Conference: ICML2026
arXiv: 2602.17063
Code: TBD
Area: Model Compression / Quantization / Optimization Dynamics
Keywords: Sub-bit compression, sign bit, lock-in theory, geometric tail law, low-rank templates

TL;DR

This paper reveals that post-training weight sign matrices are indistinguishable from i.i.d. Rademacher noise across all architectures, forming a "one-bit wall" for sub-bit compression. Using stopping time analysis, it proves this pseudo-randomness is actually the "locking" of initialization signs. Based on this, it proposes a from-scratch training scheme using low-rank sign templates + gap initialization + boundary log-barrier regularization to amortize sign bits to nearly 0 bit/weight.

Background & Motivation

Background: Model compression mainstream follows the "few-bit" path, combining 2~4 bit quantization, low-rank decomposition, pruning, and entropy coding. Compressing the magnitude \(A=|W|\) to below 1 bit per weight is not difficult. At this scale, the sign bit \(S=\mathrm{sign}(W)\) is treated as a relatively small fixed overhead and is rarely discussed.

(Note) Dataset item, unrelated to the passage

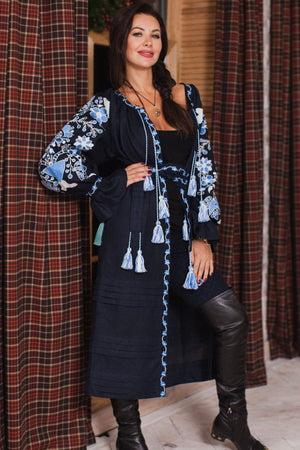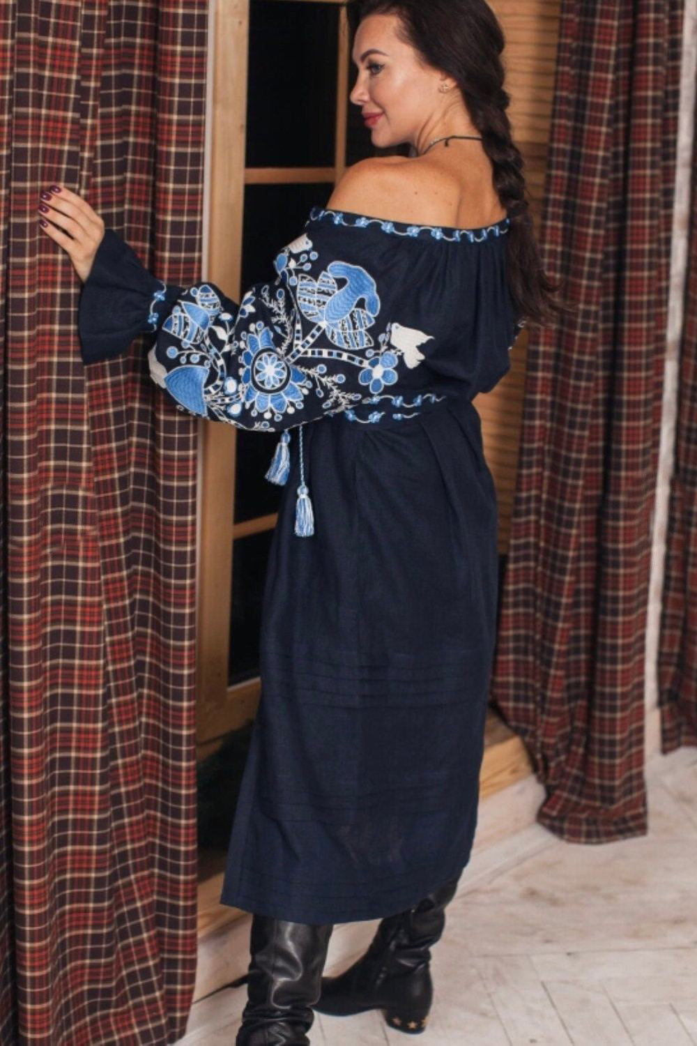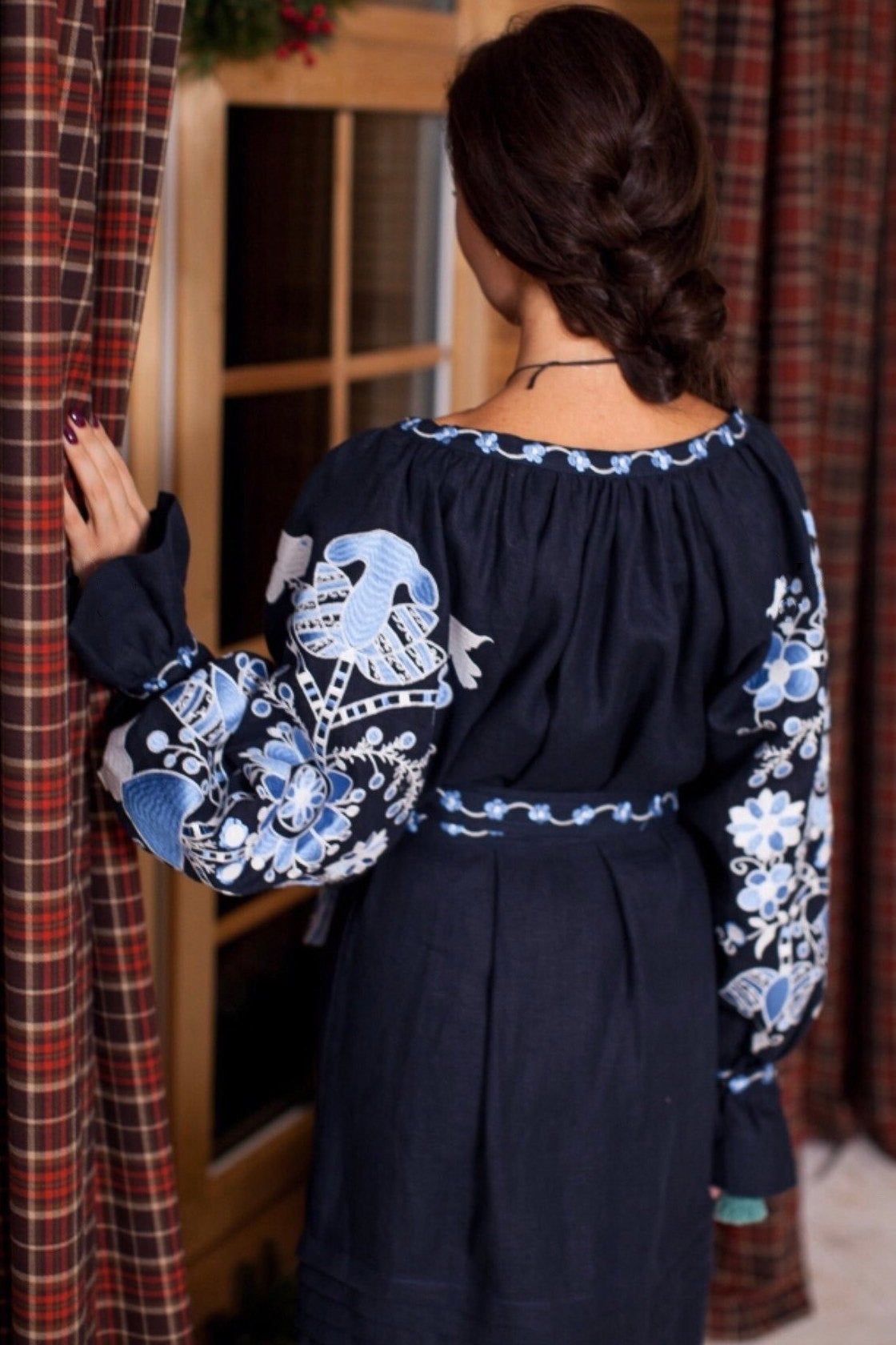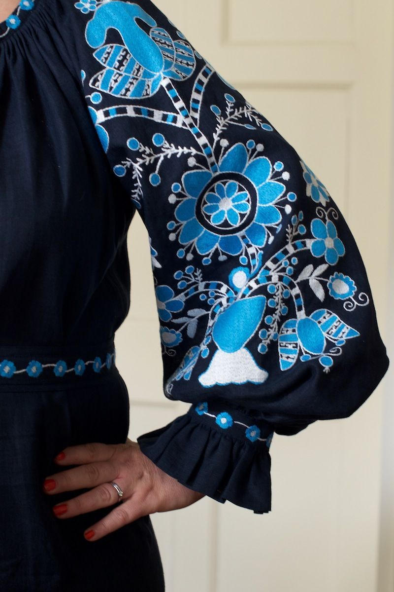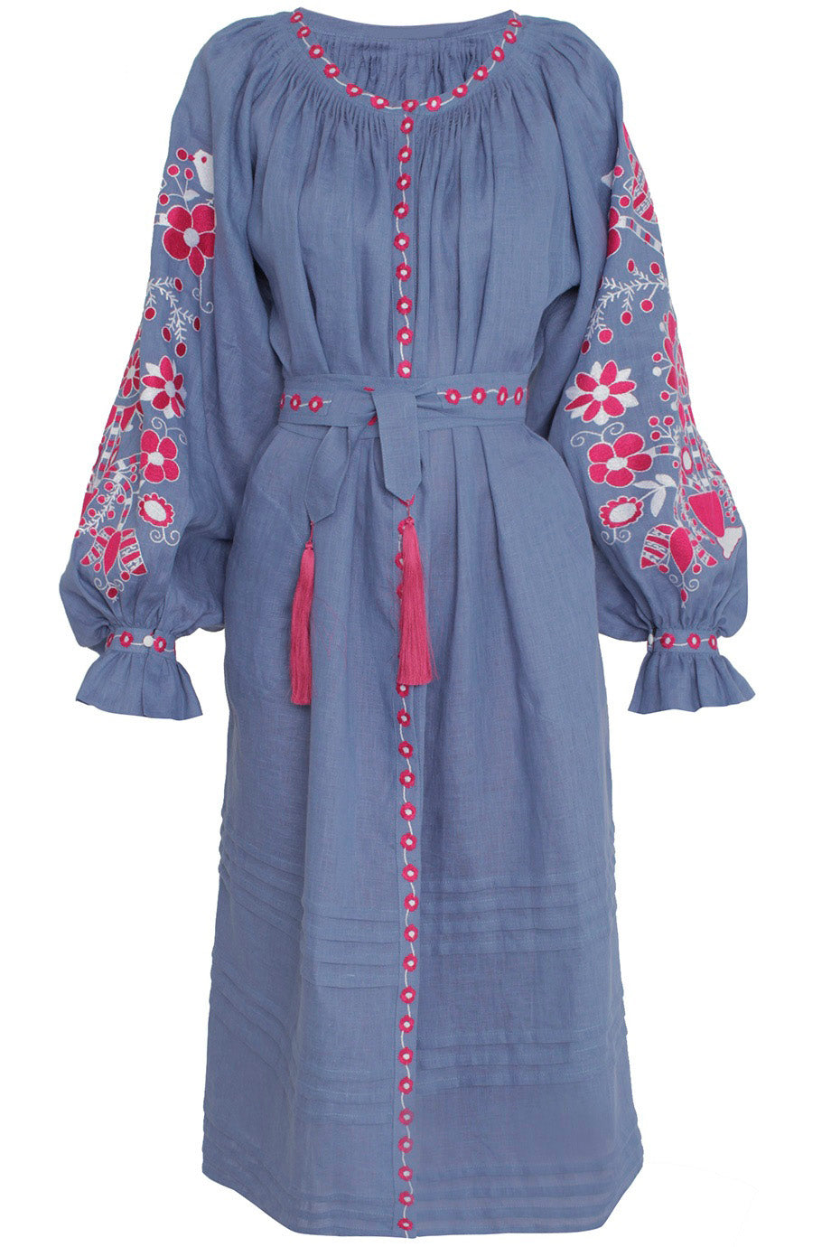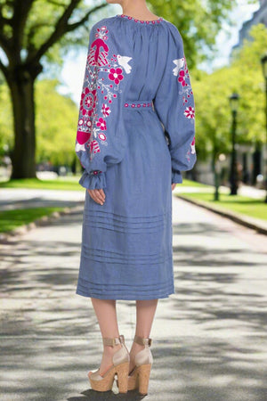 Sunflower embroidered kaftan Ukrainian midi vyshyvanka dress

Limitations of Prior Work: Once the target drops to the "sub-bit" regime (average <1 bit per weight), the sign bit becomes an incompressible bottleneck. The authors systematically tested three things on MLP-Mixer / ResNet18 / TinyLlama-1.1B: (i) the best rank-\(r\) Frobenius approximation error \(E_r(S)\) of the sign matrix \(S\) decays significantly slower than \(E_r(A)\); (ii) Two-sample Kolmogorov–Smirnov tests show normalized singular values of \(S\) are nearly indistinguishable from i.i.d. Rademacher; (iii) the entropy rate proxy \(\widehat{H}_{\mathrm{RD}}\approx 1\) from Shannon rate-distortion lower bounds implies signs have almost no redundancy.

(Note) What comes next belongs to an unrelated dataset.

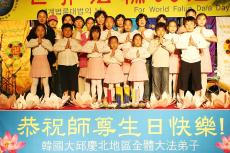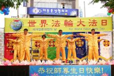 【明慧网2005年5月16日】2005年5月13日, 韩国大邱(Daegu)庆北地区法轮功学员举办了盛大的活动,庆祝世界法轮大法日,并恭祝师尊生日快乐。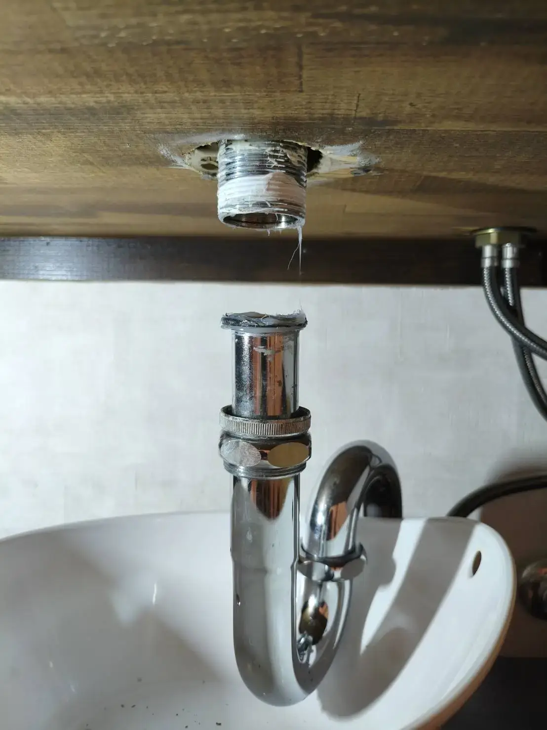 よく見ると排水パイプのつなぎ目からポタポタと水が漏れていて、タオルを敷いても止まらず困ってしまいました。

Key Challenge: Post-training sign matrices "look like noise," yet from a single-coordinate perspective, most weights maintain their initialization signs, with flip ratios consistently below 0.5. These two facts—"marginal distribution like i.i.d. Rademacher" and "highly persistent coordinate-wise trajectories"—must coexist.

Goal: (1) Identify a mathematical mechanism explaining "pseudo-random distribution + strong persistence"; (2) Use this mechanism to transform sign bits from a bottleneck into a controllable variable.

Key Insight: View a single scalar weight as a 1D stochastic process \((w_t)\). A sign change can only occur by crossing the zero boundary. If training dynamics keep weights in "outer regions" far from 0, sign flips are necessarily triggered by rare boundary-crossing events—a Freidlin–Wentzell type stopping/first-passage problem.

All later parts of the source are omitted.